*** Opening SUPPLIED MATERIAL ***
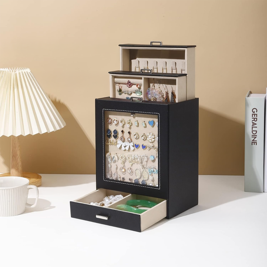 تقسيم عملي وذكي: يحتوي الصندوق على أقسام متعددة تناسب جميع أنواع الإكسسوارات، بما في ذلك فتحات منظمة للأقراط، خطافات لتعليق القلائد الطويلة، وفواصل داخلية لتخزين الأساور والخواتم.
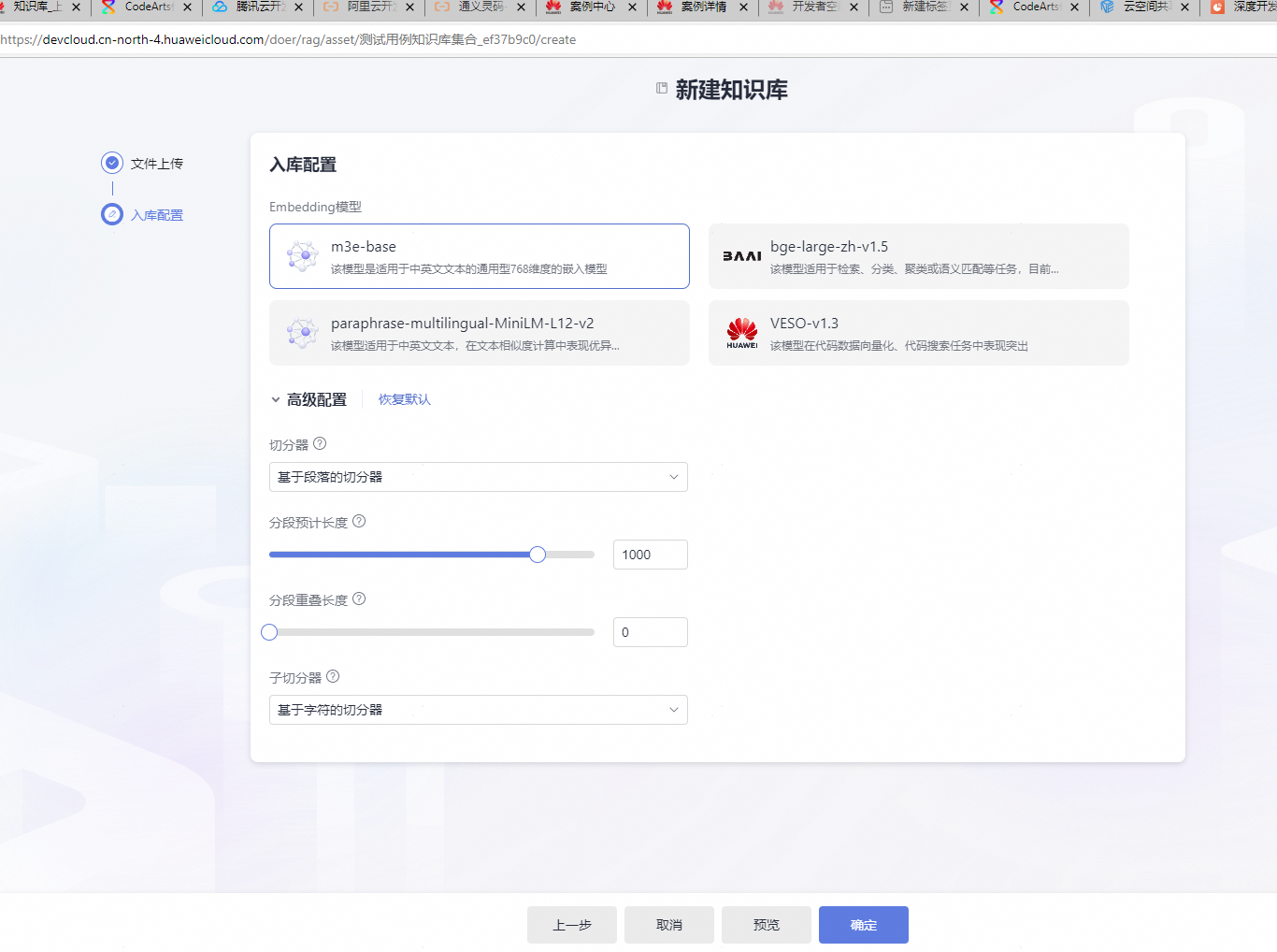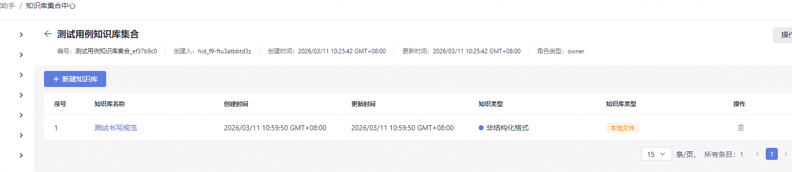 - 创建知识库并上传知识文件,对知识进行切片、向量化处理后入库存储。
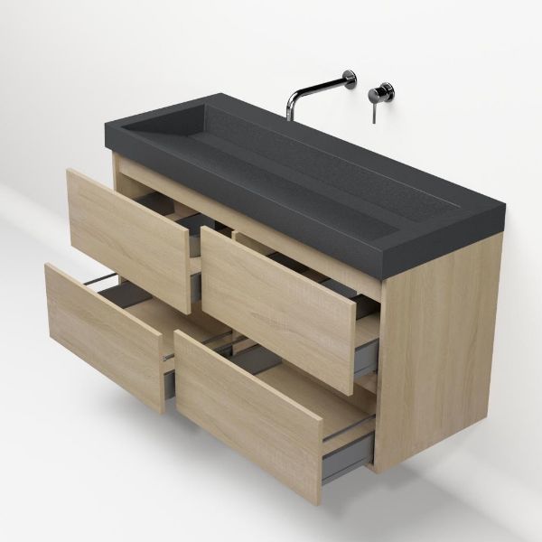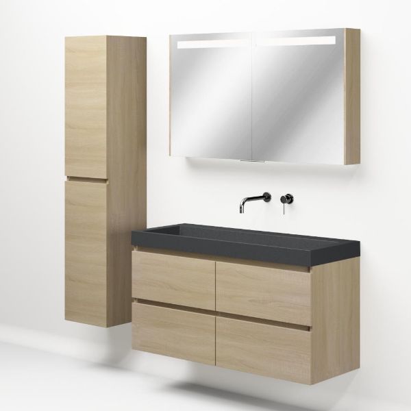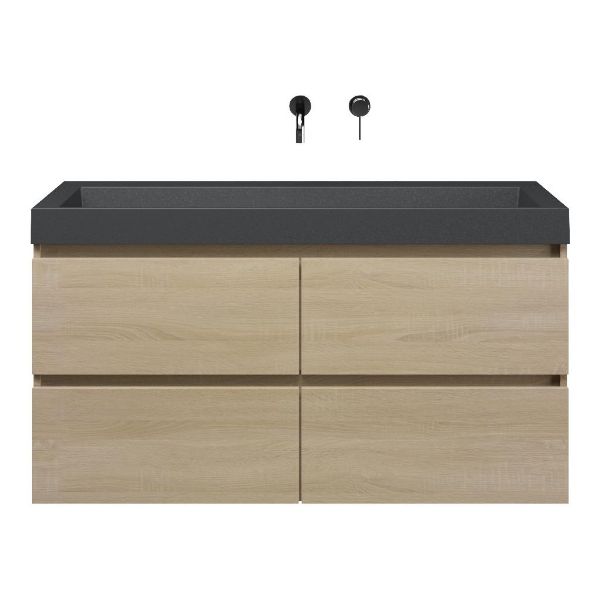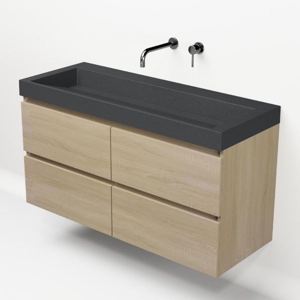 | | Bellanti Elena/Renzo-q badmeubel 120x46 4 softclose laden eiken licht greeploos quartz wastafel mat grijs zonder kraangaten |
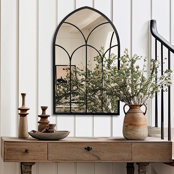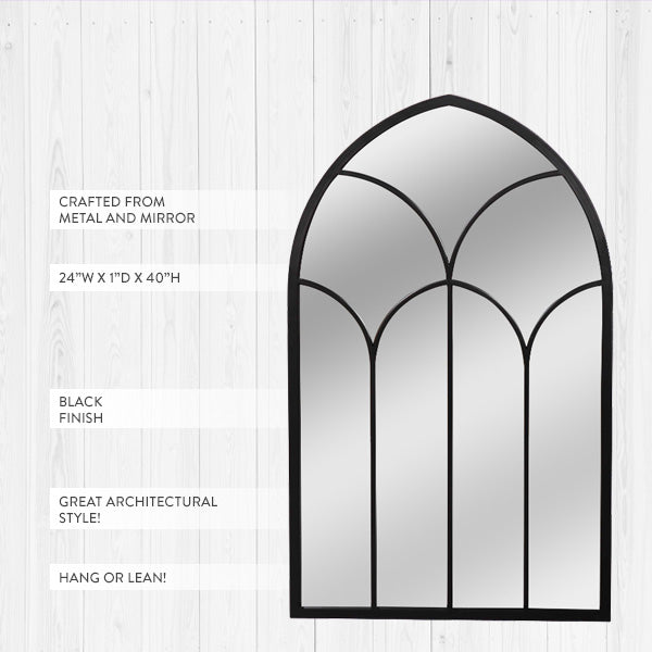 The arched black metal design gives a nod to the cathedral arches of the past mixed with the slim, sleek black frame of today's popular minimal, modern look! The exceptional design of this beautifully crafted wall mirror won’t go unnoticed and will be sure to brighten even the dullest space. This wall mirror exudes timeless elegance that is sure to make a statement and will magnify petite nooks and grand interiors alike! Perfect for adding a romantic touch, this stunning wall mirror will fill any home with its timeless beauty and personality.
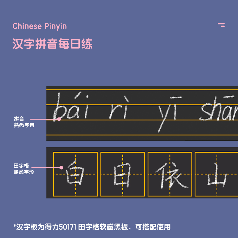 得力(deli)磁性黑板贴软拼音田字格四英语生字格磁贴磁铁磁力格子教师大号墙贴家用可移除儿童白板50
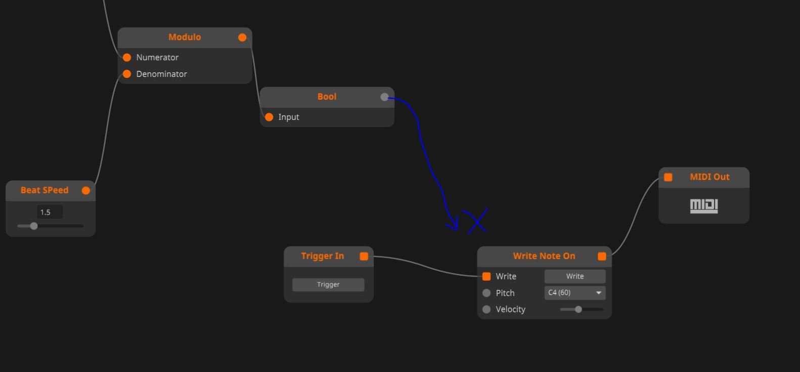 I have a generator that counts up and is MOD of an input. This generates a TRUE ever so often, kind of like an oscillator. I have tried everything possible, but can not connect it to the trigger of a MIDI WRITE module.
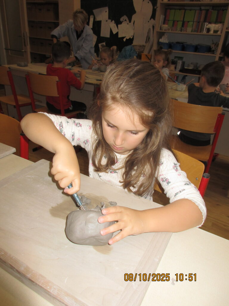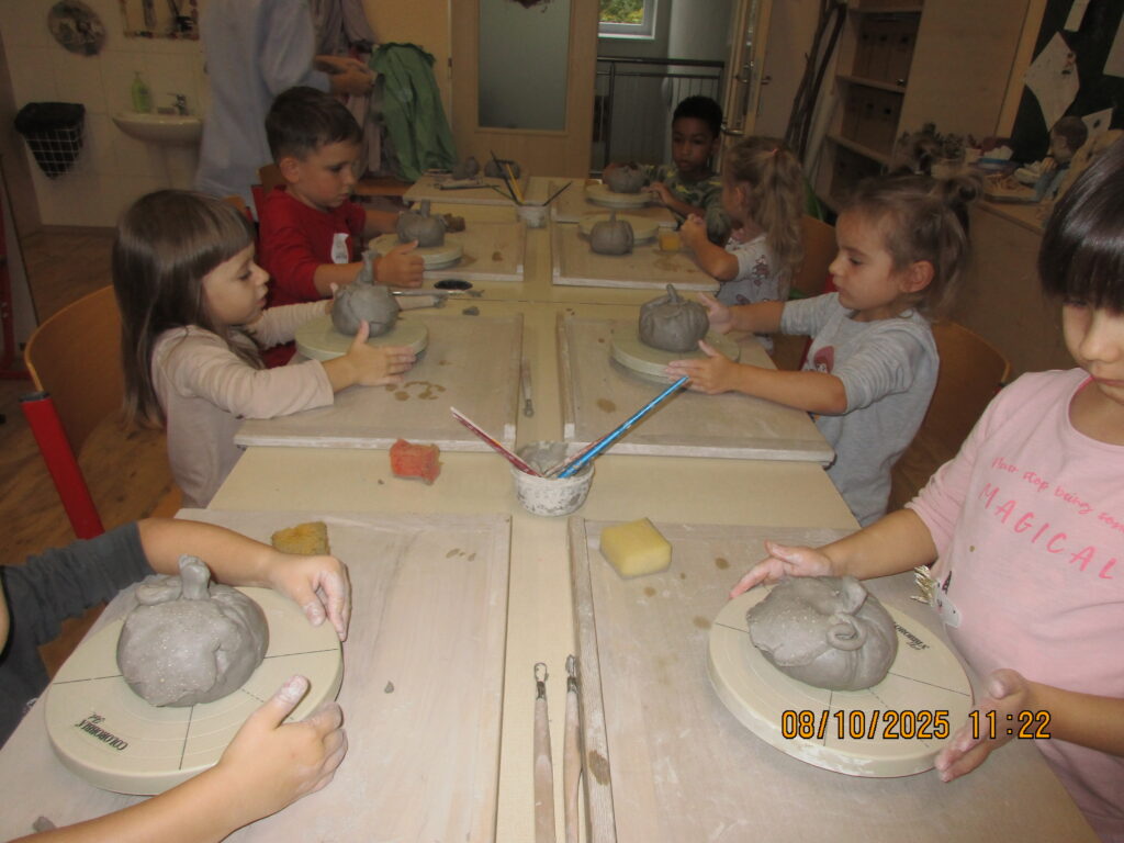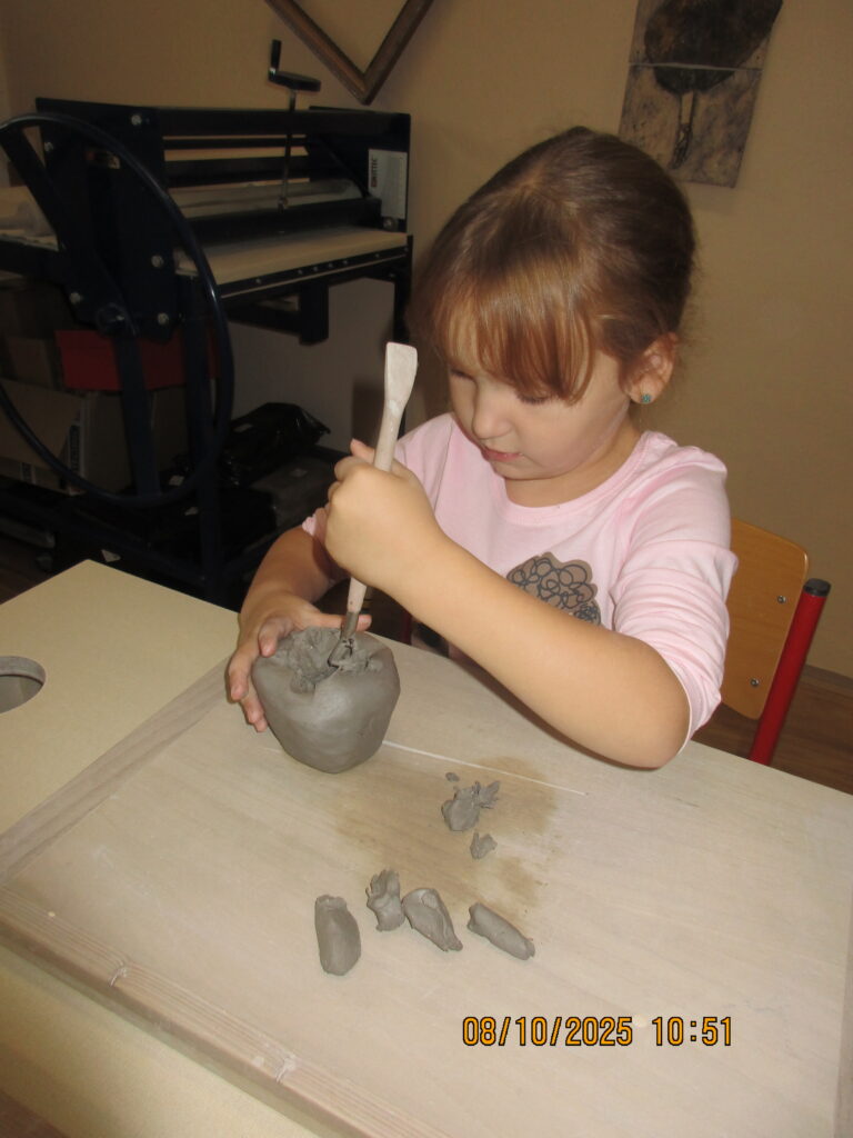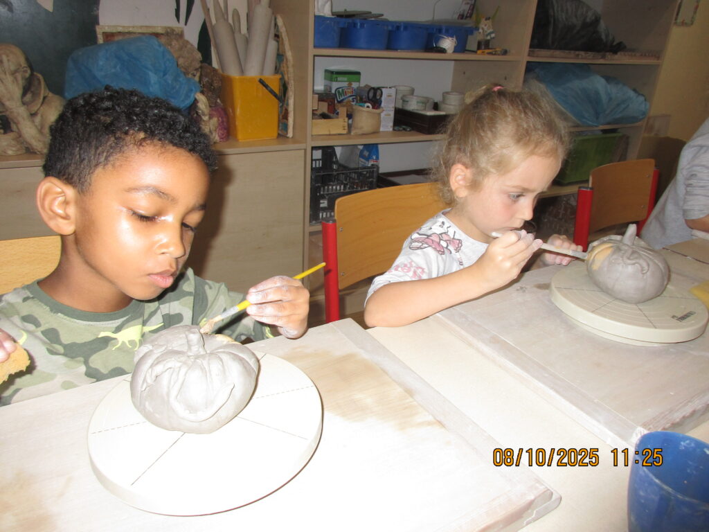 V tomto školním roce jsme navštívili kroužek keramiky v Korunce, pro mnohé to bylo něco nového, byly tam poprvé. Seznámily se s prostředím, milou paní keramičkou a materiálem-modelovací hlínou. Děti vyráběly dýni a že jim to šlo.
*** Closing SUPPLIED MATERIAL ***
◆ EXERCISE BRIEF: Pictures within the entries must not be reproduced; everything else is to be restated verbatim.

◆ ANSWER FOR THIS EXERCISE:
 تقسيم عملي وذكي: يحتوي الصندوق على أقسام متعددة تناسب جميع أنواع الإكسسوارات، بما في ذلك فتحات منظمة للأقراط، خطافات لتعليق القلائد الطويلة، وفواصل داخلية لتخزين الأساور والخواتم.
 - 创建知识库并上传知识文件,对知识进行切片、向量化处理后入库存储。
 | | Bellanti Elena/Renzo-q badmeubel 120x46 4 softclose laden eiken licht greeploos quartz wastafel mat grijs zonder kraangaten |
 The arched black metal design gives a nod to the cathedral arches of the past mixed with the slim, sleek black frame of today's popular minimal, modern look! The exceptional design of this beautifully crafted wall mirror won’t go unnoticed and will be sure to brighten even the dullest space. This wall mirror exudes timeless elegance that is sure to make a statement and will magnify petite nooks and grand interiors alike! Perfect for adding a romantic touch, this stunning wall mirror will fill any home with its timeless beauty and personality.
 得力(deli)磁性黑板贴软拼音田字格四英语生字格磁贴磁铁磁力格子教师大号墙贴家用可移除儿童白板50
 I have a generator that counts up and is MOD of an input. This generates a TRUE ever so often, kind of like an oscillator. I have tried everything possible, but can not connect it to the trigger of a MIDI WRITE module.
 V tomto školním roce jsme navštívili kroužek keramiky v Korunce, pro mnohé to bylo něco nového, byly tam poprvé. Seznámily se s prostředím, milou paní keramičkou a materiálem-modelovací hlínou. Děti vyráběly dýni a že jim to šlo.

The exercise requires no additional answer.